Institute of Medical Sciences, University of Toronto, Toronto, ON, Canada.
Toronto Centre for Liver Disease, Toronto General Research Institute, University Health Network, Toronto, ON, Canada.
Methods Mol Biol. 2024;2837:227-240. doi: 10.1007/978-1-0716-4027-2_20.
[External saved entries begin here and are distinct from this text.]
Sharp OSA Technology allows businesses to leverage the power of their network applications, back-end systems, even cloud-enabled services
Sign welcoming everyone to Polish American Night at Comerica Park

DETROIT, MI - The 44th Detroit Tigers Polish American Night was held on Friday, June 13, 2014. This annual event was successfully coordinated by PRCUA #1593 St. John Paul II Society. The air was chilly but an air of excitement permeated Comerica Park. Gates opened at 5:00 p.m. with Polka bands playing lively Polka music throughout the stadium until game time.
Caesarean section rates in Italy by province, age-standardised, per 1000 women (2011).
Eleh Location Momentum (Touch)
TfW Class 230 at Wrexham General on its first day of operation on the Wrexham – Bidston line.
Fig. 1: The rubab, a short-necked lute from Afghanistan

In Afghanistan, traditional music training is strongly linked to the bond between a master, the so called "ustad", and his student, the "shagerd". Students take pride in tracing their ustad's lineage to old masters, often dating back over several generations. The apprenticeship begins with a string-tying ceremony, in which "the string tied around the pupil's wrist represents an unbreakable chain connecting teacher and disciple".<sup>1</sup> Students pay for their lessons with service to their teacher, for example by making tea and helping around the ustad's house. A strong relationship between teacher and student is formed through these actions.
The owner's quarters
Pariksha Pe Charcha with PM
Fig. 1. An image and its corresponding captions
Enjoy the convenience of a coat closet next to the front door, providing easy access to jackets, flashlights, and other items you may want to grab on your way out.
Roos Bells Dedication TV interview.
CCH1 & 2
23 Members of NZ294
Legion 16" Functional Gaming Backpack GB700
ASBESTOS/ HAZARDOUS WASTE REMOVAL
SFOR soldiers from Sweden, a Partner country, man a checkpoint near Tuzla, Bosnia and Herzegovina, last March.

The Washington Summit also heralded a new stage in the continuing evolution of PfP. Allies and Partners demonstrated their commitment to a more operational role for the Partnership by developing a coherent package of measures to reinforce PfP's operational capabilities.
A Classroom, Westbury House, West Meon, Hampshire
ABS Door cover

Virus-specific T cells are critical to mediating viral control; however, Hepatitis B virus (HBV)-specific T cells among chronic Hepatitis B (CHB) patients are functionally exhausted. The inability to consistently measure the ex vivo functionality of HBV-specific T cells has prevented meaningful analysis during antiviral events such as HBeAg seroconversion, hepatic flares, and HBsAg loss. We optimized the traditional IFN-γ ELISpot assay to measure total ex vivo HBV-specific T cell frequencies using CHB PBMCs stimulated with HBV overlapping peptide (OLP) pools. This was then further adapted to assess individual antigen specificity (core, envelop, polymerase, X) and multifunctional HBV-specific T cells using a 3-analyte FluoroSpot assay. This protocol encompasses two major components: (1) PBMC handling/stimulation and (2) assay plate preparation and spot development. By performing this assay, ex vivo CHB patient T cell responses could be assessed longitudinally during immunotherapy or other important clinical events.
病毒特异性 T 细胞对于介导病毒控制至关重要;然而,慢性乙型肝炎 (CHB) 患者中的乙型肝炎病毒 (HBV) 特异性 T 细胞功能耗竭。由于无法在抗病毒事件(如 HBeAg 血清学转换、肝发作和 HBsAg 丢失)期间始终如一地测量 HBV 特异性 T 细胞的体外功能,因此无法进行有意义的分析。我们优化了传统的 IFN-γ ELISpot 测定法,使用 HBV 重叠肽 (OLP) 池刺激 CHB PBMCs 来测量总体外 HBV 特异性 T 细胞频率。然后,使用 3 分析物 FluoroSpot 测定法进一步评估个体抗原特异性(核心、包膜、聚合酶、X)和多功能 HBV 特异性 T 细胞。该方案包括两个主要部分:(1) PBMC 处理/刺激和 (2) 测定板制备和斑点发展。通过进行该测定,可以在免疫治疗或其他重要临床事件期间对体外 CHB 患者 T 细胞反应进行纵向评估。